“行,那就辛苦你了。”慕惜辞点头,她知道自己剩下的力气不多,便也没跟他矫情,当即运气轻身,在少年的帮扶下窜上了房檐。
墨君漓习武多年,运起轻功时的速度,自然比慕惜辞原本的速度快上不少,两人不出一刻,便顺利地抵达了尚书府。
少年提前两日就已摸透了府外哨口与换岗的时辰,府内地图更是被他背得烂熟于心。
他掐着时间,又瞅好了那条最为稳妥的路线,没费多少功夫,便带着慕惜辞成功溜进了那尚书府内。
二人躲避着府中巡视的侍卫,小心摸入了晁陵儿子居住过的院落。
因着此处从前只住了一个不满十岁的半大孩童,院外的哨口极少,巡视之人亦大多懒于往这边多走,这倒极大方便了这两个临时做了贼的。
“嘿,没想到这一趟能这么顺利。”墨君漓咧嘴低笑,他原以为自己得与那帮禁军们好一番斗智斗勇,哪成想到头来竟能这般轻松?
莫说斗智,这一路他连气息都懒得收敛,避开那几道防哨之后,他二人几乎是大摇大摆地便入了内。
“别急着美,别忘了,晁陵说那机关可是不太好找。”慕大国师面无表情地往他头上泼了盆冷水。

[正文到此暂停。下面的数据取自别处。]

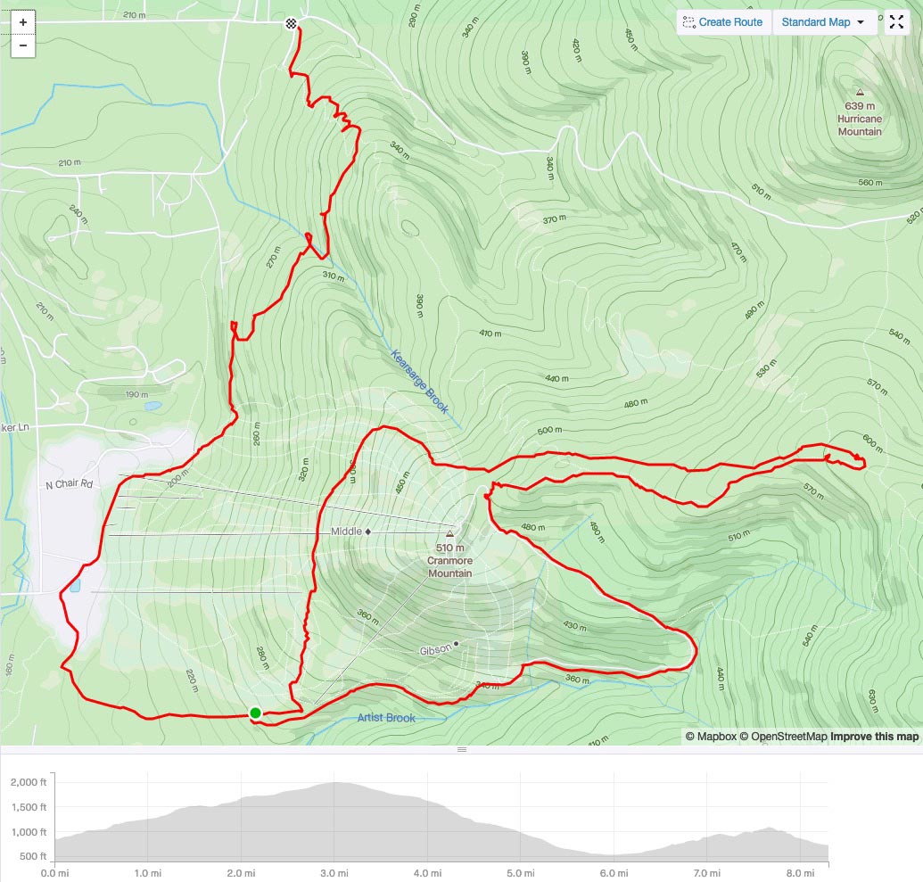 A few days ago I repeated the big ride I'd done last week with my buddy Phil. This time we started at the base of Hurricane Mt Road, cut through the woods into the condos left of Cranmore, road across the base of Cranmore, up the maintenance road on the far right, across the Cranmore Connector, left onto the Hurricane trail entrance and stayed left on the new downhill trail. We popped out on the Kandahar ski trail, went down a bit and the angled left all the way back across the middle of Cranmore back to the maintenance road. From there we went back across the base of Cranmore and followed the new machine-built trail that takes you back over to the end of Kettle Ridge and back to the water tower. It's about 10 miles and 2,000' of climbing. Needless to say I was beat. Here's a map...

墨君漓登时被这水浇得一个激灵,他唇边的笑意以肉眼可见的速度垮塌下来,飞扬的眉眼亦瞬间蔫了:“国师大人,你这样会很打击旁人的积极性的。”
“哦,那就打击呗。”慕惜辞不甚在意地耸耸肩,“行了,别磨蹭,快找。”
“找找找,立马就找。”少年连连应声,一面拉着小姑娘径直向主屋的寝房走去。
离近时他才发现那门上已然上了把黄铜大锁,墨君漓正想换个路子,走走窗或者上房揭瓦,便见慕惜辞满面镇定从容地摸出把铁丝——
继而飞速选出粗细合宜的那一根,随手掰了掰,三下五除二地撬开了锁。
“瞎转悠什么,进屋。”慕惜辞嫌弃无比,墨君漓见此却不由得目瞪口呆。
有幸成为第二位近距离欣赏慕大国师溜门撬锁手艺的少年麻了,他怔怔盯着小姑娘手中拈着的玩意看了半晌,无声抚了抚掌:“专业。”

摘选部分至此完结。